» **Goal of the exercise**:
Go through the lines below and repeat each one exactly, skipping pictures.

» **Available data**:
---*---

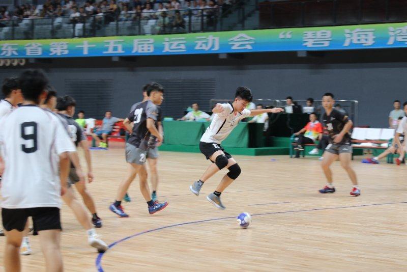 7月17日,广东省第十五届运动会手球(男子组)比赛在肇庆体育中心体育馆激烈开赛。
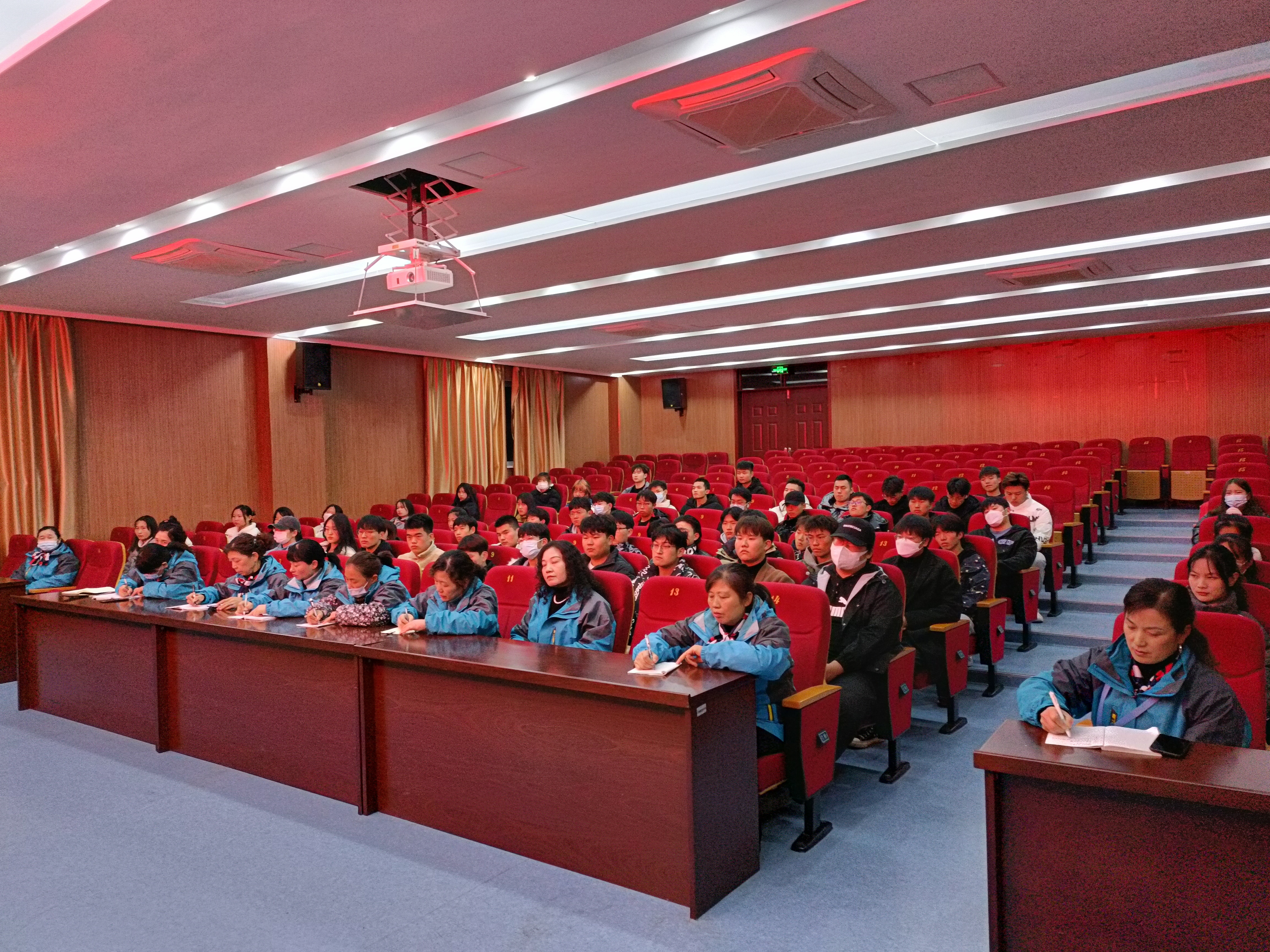 为进一步做好学生服务工作,加强与学生群体的交流和沟通,12月9日晚19时,后勤服务中心公寓管理科在南阶205教室召开2021年度学生公寓6s管理工作座谈会暨学生楼层长换届表彰大会。公寓管理科陆凤林科长,万顺物业项目经理梁发妹,公寓中心主任朱明春及相关人员和学生代表80余人参加了会议,会议由公寓中心主任朱明春主持。
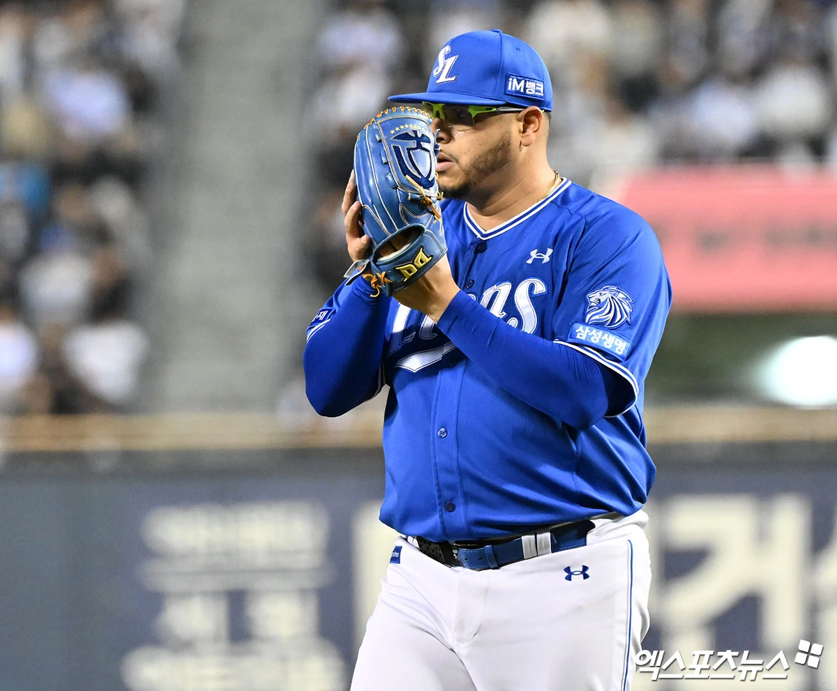 (엑스포츠뉴스 잠실, 김한준 기자) 28일 오후 서울 송파구 잠실야구장에서 열린 '2026 신한 SOL Bank KBO리그' 삼성 라이온즈와 두산 베어스의 경기, 7회말 수비를 마친 삼성 후라도가 더그아웃으로 향하고 있다.
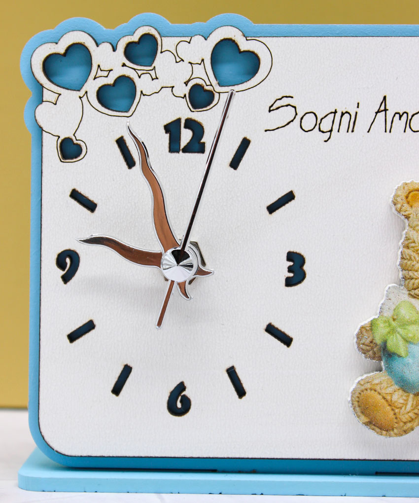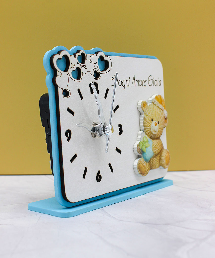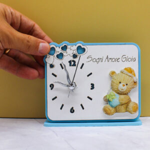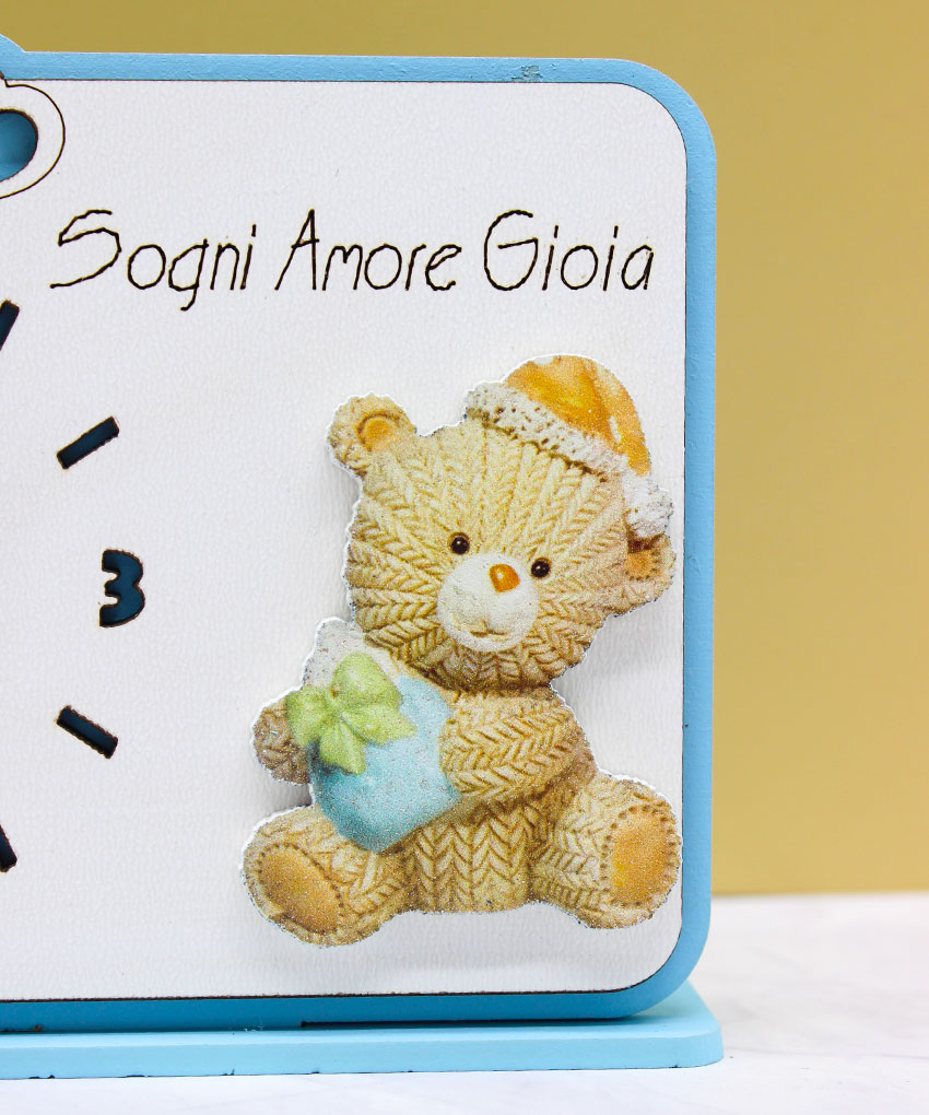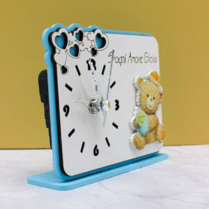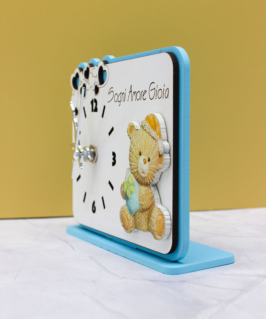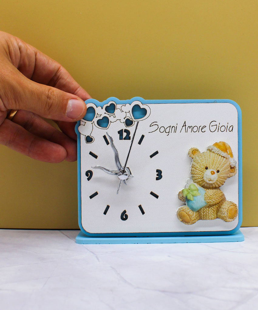 Bomboniera Orologio con Orsetto in Plex – Colore Celeste

---*---

» **Answer**:
 7月17日,广东省第十五届运动会手球(男子组)比赛在肇庆体育中心体育馆激烈开赛。
 为进一步做好学生服务工作,加强与学生群体的交流和沟通,12月9日晚19时,后勤服务中心公寓管理科在南阶205教室召开2021年度学生公寓6s管理工作座谈会暨学生楼层长换届表彰大会。公寓管理科陆凤林科长,万顺物业项目经理梁发妹,公寓中心主任朱明春及相关人员和学生代表80余人参加了会议,会议由公寓中心主任朱明春主持。
 (엑스포츠뉴스 잠실, 김한준 기자) 28일 오후 서울 송파구 잠실야구장에서 열린 '2026 신한 SOL Bank KBO리그' 삼성 라이온즈와 두산 베어스의 경기, 7회말 수비를 마친 삼성 후라도가 더그아웃으로 향하고 있다.
 Bomboniera Orologio con Orsetto in Plex – Colore Celeste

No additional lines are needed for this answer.